SLX has higher volatility (7.67%) compared to JEPI (1.46%). In terms of maximum drawdown, SLX dropped -82.14% vs JEPI's -13.71%.
On 5-year performance, SLX leads with 16.03% vs 7.37% for JEPI. On fees, JEPI is cheaper at 0.35% per year. On volatility, JEPI has been the lower-risk option at 1.46%. The better choice depends on whether you care most about return, fees, risk, or income.
Over the 5-year period, SLX has performed better with a 16.03% return vs 7.37%. Past performance does not guarantee future results, so compare this with risk, fees, and fund exposure.
JEPI is cheaper with a 0.35% expense ratio, compared with 0.56% for SLX.
JEPI has the higher dividend yield at 8.23%, compared with 1.18% for SLX.

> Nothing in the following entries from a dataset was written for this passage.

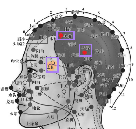 侧头痛:太阳、风池、行间、侠溪、率谷、外关
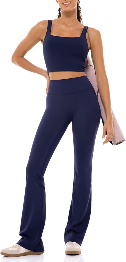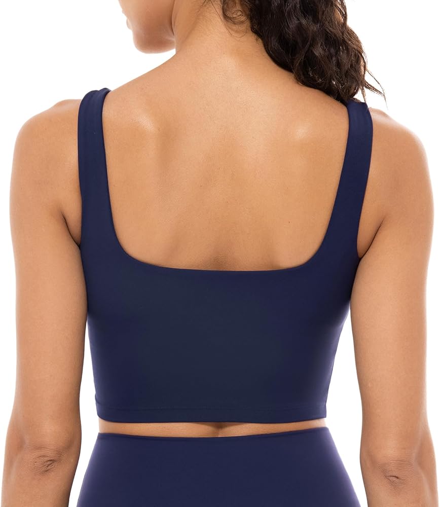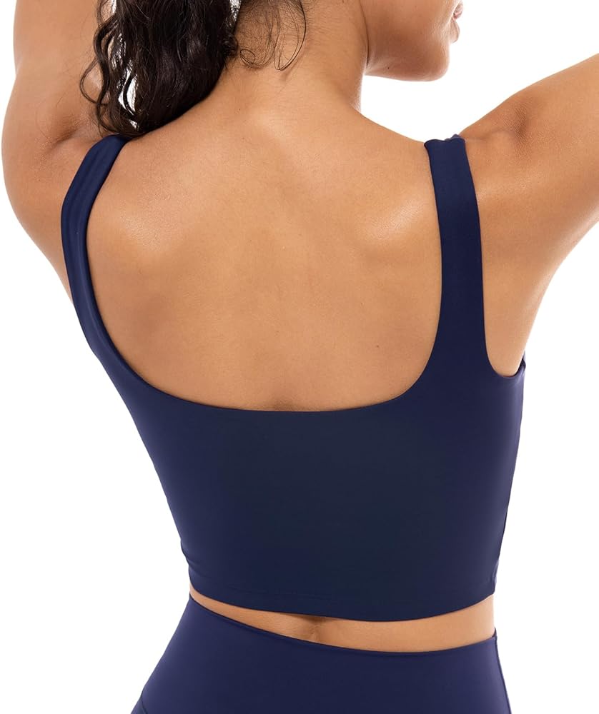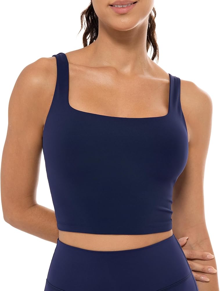 Lavento Women's Square Neck Sports Bras - Longline Padded Workout Yoga Tops with Built in Bra
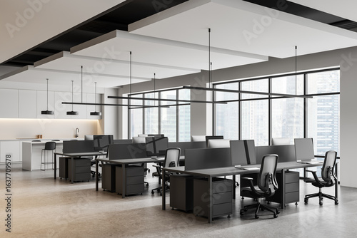 Modern open space office interior with workstations and ergonomic chairs in a high-rise building, clean minimalist design and bright atmosphere concept. 3D Rendering
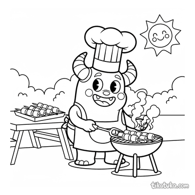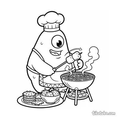 Эта коллекция раскрасок посвящена теме гриля и приготовления пищи на открытом огне. На странице собраны черно-белые контурные рисунки, которые понравятся детям, увлекающимся кулинарной тематикой.
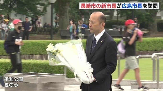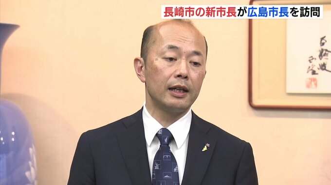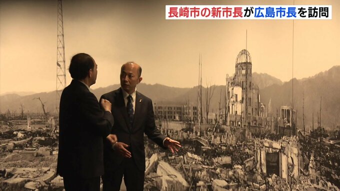 4月の市長選挙で初当選した長崎市の 鈴木史朗 新市長が広島市の 松井一実 市長を訪ね、「核なき世界」の実現に向けた連携を確認しました。
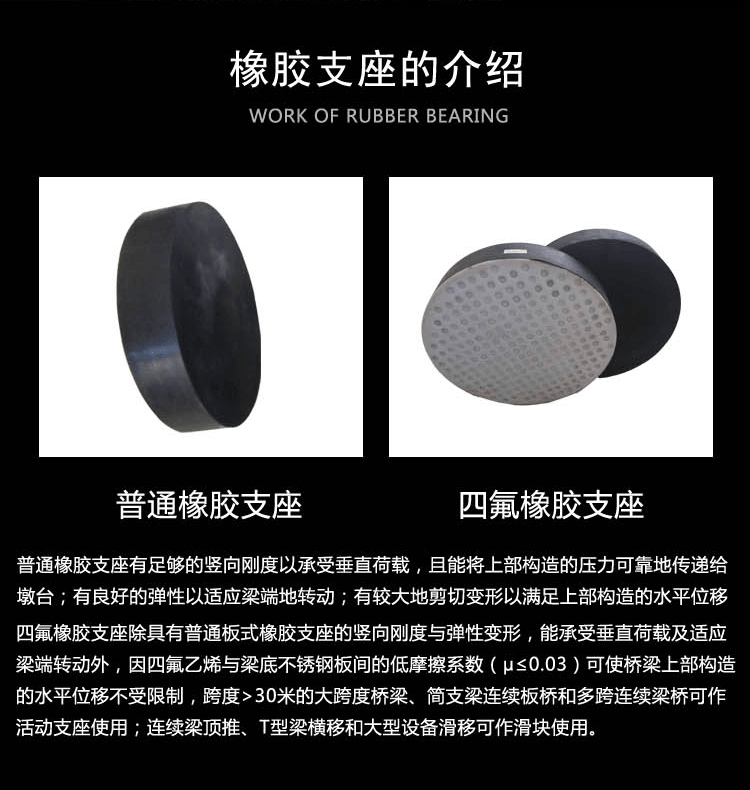 主要包括有:普通板式支座、四氟乙烯板式支座、 球冠板式橡胶支座三种产品
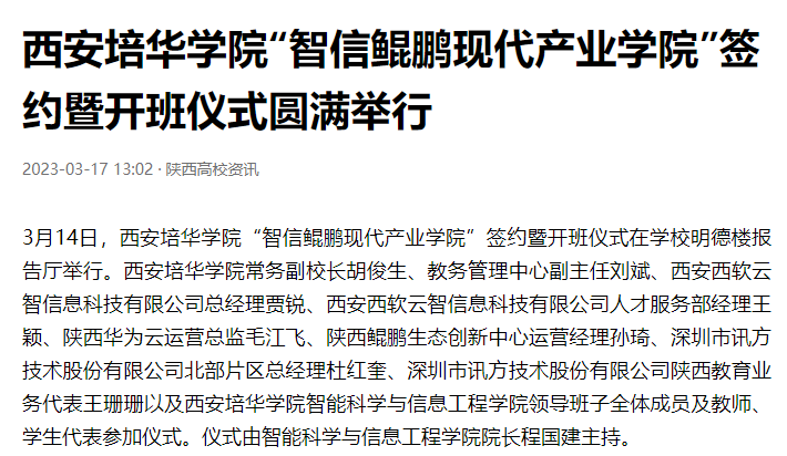 3月14日,西安培华学院“智信鲲鹏现代产业学院”签约暨开班仪式在学校明德楼报告厅举行。西安培华学院常务副校长胡俊生、教务管理中心副主任刘斌、西安西软云智信息科技有限公司总经理贾锐、西安西软云智信息科技有限公司人才服务部经理王颖、陕西华为云运营总监毛江飞、陕西鲲鹏生态创新中心运营经理孙琦、深圳市讯方技术股份有限公司北部片区总经理杜红奎、深圳市讯方技术股份有限公司陕西教育业务代表王珊珊以及西安培华学院智能科学与信息工程学院领导班子全体成员及教师、学生代表参加仪式。仪式由智能科学与信息工程学院院长程国建主持。
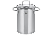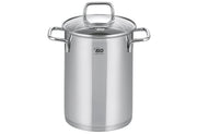 Edelstahl 18/8 -18/10, Wandstärke ca. 0,6 mm, Bodenstärke ca. 4,1 mm, verkapselter Hartlötboden innen satiniert mit Volumenskala, außen hochglanzpoliert mit ELO Logo, Edelstahl Drahtgriffe, geschweißt Glasdeckel mit stoßfestem EDS Ring und weißem ELO Logo, EDS Bügelgriff mit Fingerschutzplatte, spülmaschinengeeignet, für alle Herdarten geeignet, auch für Induktion Ø 16 cm
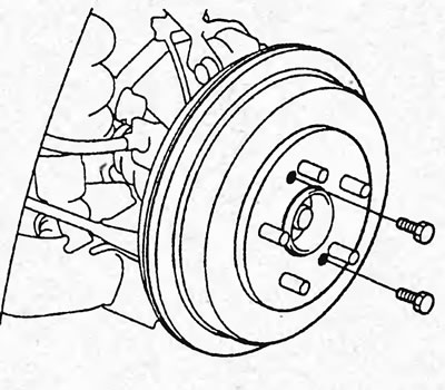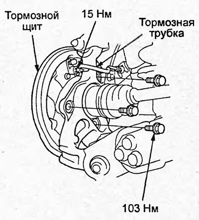 7. (Седан) Отверните болты и снимите тормозной щит.

SLX is categorized as Materials, while JEPI is Dividend. They also come from different issuers: VanEck and JPMorgan. Their fees differ too: 0.56% for SLX and 0.35% for JEPI.
SLX currently has the higher Sharpe Ratio (3.21 vs 1.05), meaning it's delivered slightly more return per unit of risk over the trailing 12 months. However, this ranking shifts over time - use the Risk/Return Score above for a more comprehensive view that combines Sharpe, Sortino, and other measures used by quantitative funds.